The Timing Belt, sometimes called a Cambelt is an integral part of your engine. It keeps the valves opening and closing at the right time. If they open at the wrong time, major engine damage may occur. It's better to replace the timing belt when the manufacturer recommends it, rather than waiting for it to break and leave you stranded. Most timing belt failures give very little if any warning. Our customers often say "I was just driving along and the engine stopped" If your car has an interference motor, the pistons will hit the valves.
As the name indicates, a timing belt controls the timing of a car’s engine. As such, it is critically important that the timing belt remains tight. A tensioner helps to maintain tightness in the timing belt, but over time and with mileage, a timing belt can stretch out. When this occurs, problems arise within engine. Bad timing may cause the valves to hit the pistons, which can lead to serious engine problems. These problems range from bent pistons, rods or valves, and none of them are easy or cheap to repair. Sometimes the only way to fix this damage is by replacing the entire engine. The best way to avoid these issues is for you to stay on top of your timing belt maintenance
Replacing timing belts is generally not a job for amateur mechanics. The belts are generally inaccessible without removing quite a few other parts and accessories, like the distributor, alternator and possibly the water pump. The replacement timing belts must match the old ones exactly, which may require a time-consuming custom order. Once the timing belt itself has been replaced, the mechanic must synchronize the camshaft and the crankshaft with special tools and procedures. Repairing broken timing belts can take several hours, and the vehicle will have to be towed into the shop.
Timing belts should be changed at different times, depending upon the make and model of your car. Generally speaking, most cars need to have their timing belts changed between 60,000 and 100,000 miles. The important thing, however, is that timing belts are indeed changed when they are supposed to be changed. It is important for you to have a technician that you can trust who will tell you when your timing belt should be changed. Because timing belt repair is one of the more costly maintenance items, most people prefer not to have it done unnecessarily or too preemptively.

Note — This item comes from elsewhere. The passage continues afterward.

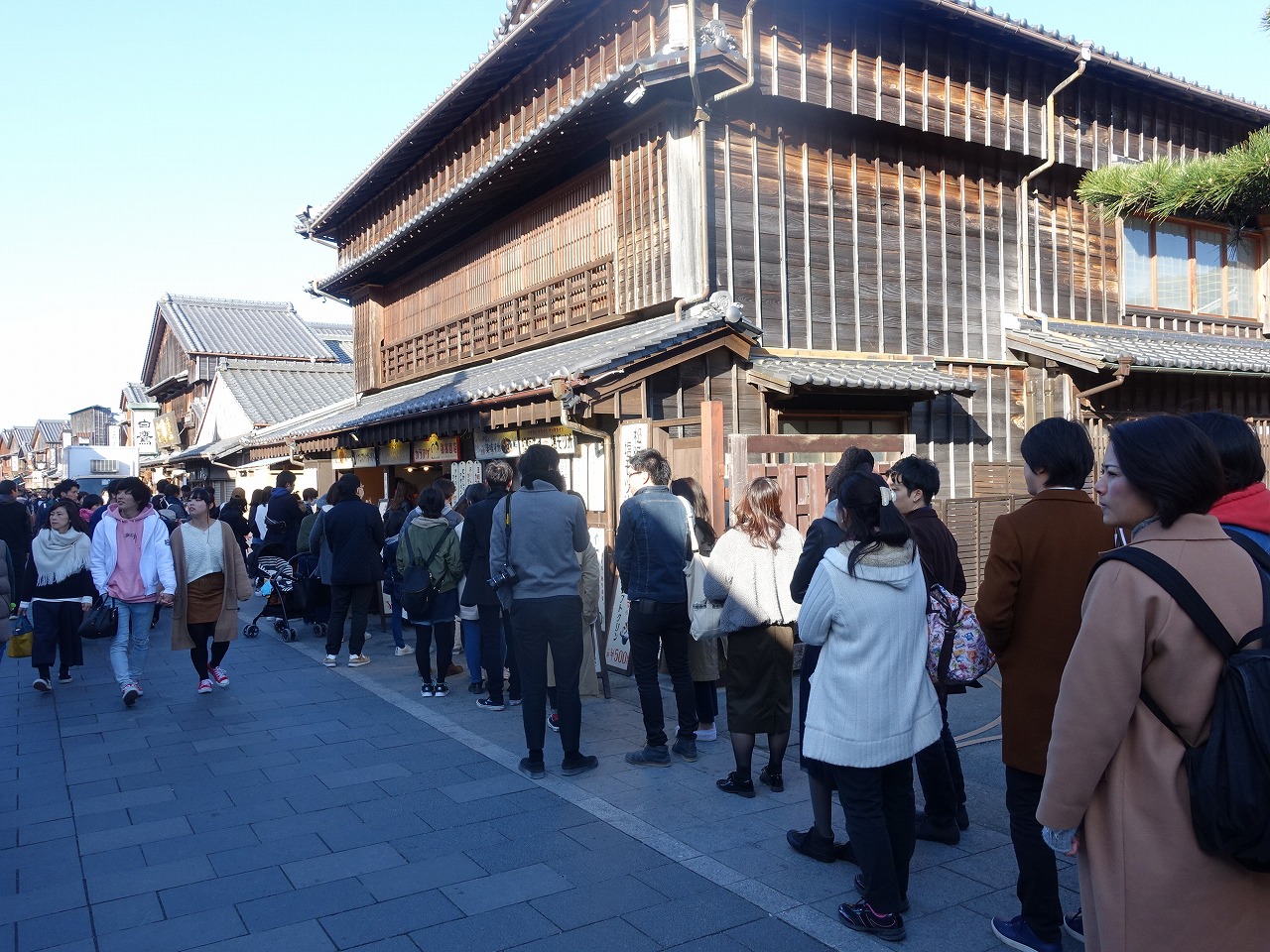 伊勢神宮のおはらい町にある赤福の本店です。ここは街並みにマッチした趣ある店構えで、いつも行列ができています。赤福と抹茶は最高。夏には赤福が載った抹茶のかき氷『赤福氷』が人気です。冬はぜんざいがおいしいです。初めての人はぜひ雰囲気だけでも味わってください。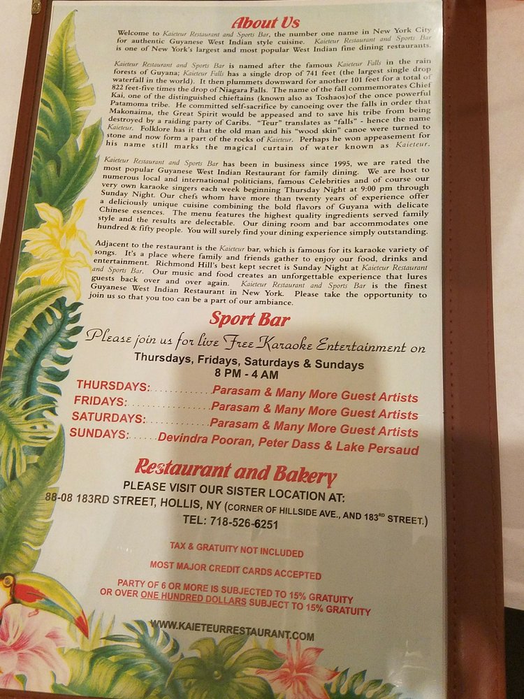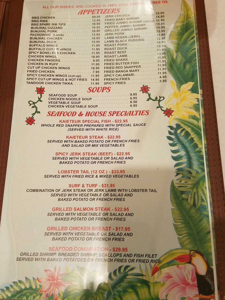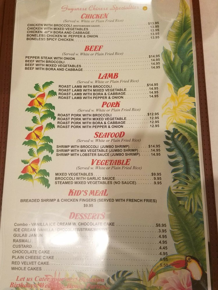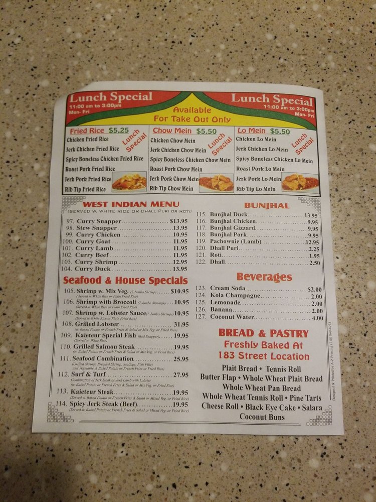 Kaieteur Restaurant in Richmond Hill, NY, offers a diverse menu of Guyanese and Chinese fusion dishes. From flavorful appetizers like Jerk Chicken to hearty soups and tasty Seafood Combination platters, there is something for everyone. The restaurant provides excellent service and fast delivery options, making it a go-to spot for lunch, dinner, and late-night cravings. The ambiance is family-friendly, with casual seating and a full bar for those looking to relax with a drink. Don't miss out on their unique beverages like Cream Soda and Kola Champagne. Overall, Kaieteur Restaurant stands out for its delicious food, friendly staff, and comfortable dining experience, making it a must-visit for those craving a taste of authentic Guyanese cuisine with a Chinese twist.

Click here for maintenance intervals for most cars
It is not unusual for a technician to suggest replacing the water pump, cam and crank seals at the same time as the timing belt, even if there is no obvious wear or damage. It is not a requirement to take this advice, but it usually will pay off in the long run. Almost all of the labor required to replace a water pump and seals has already been accomplished while replacing the timing belt. On some models the water pump is powered by the timing belt. If the water pump or seals should fail later on, the mechanic would have to go through all of those preliminary steps again. If the water pump is driven by the timing belt a seized water pump may strip the teeth from the timing belt. ATiming belt may only have to be replaced once in a car's lifetime, so it is a huge value to replace the water pump, seals and any associated parts at the same time you have the timing belt replaced.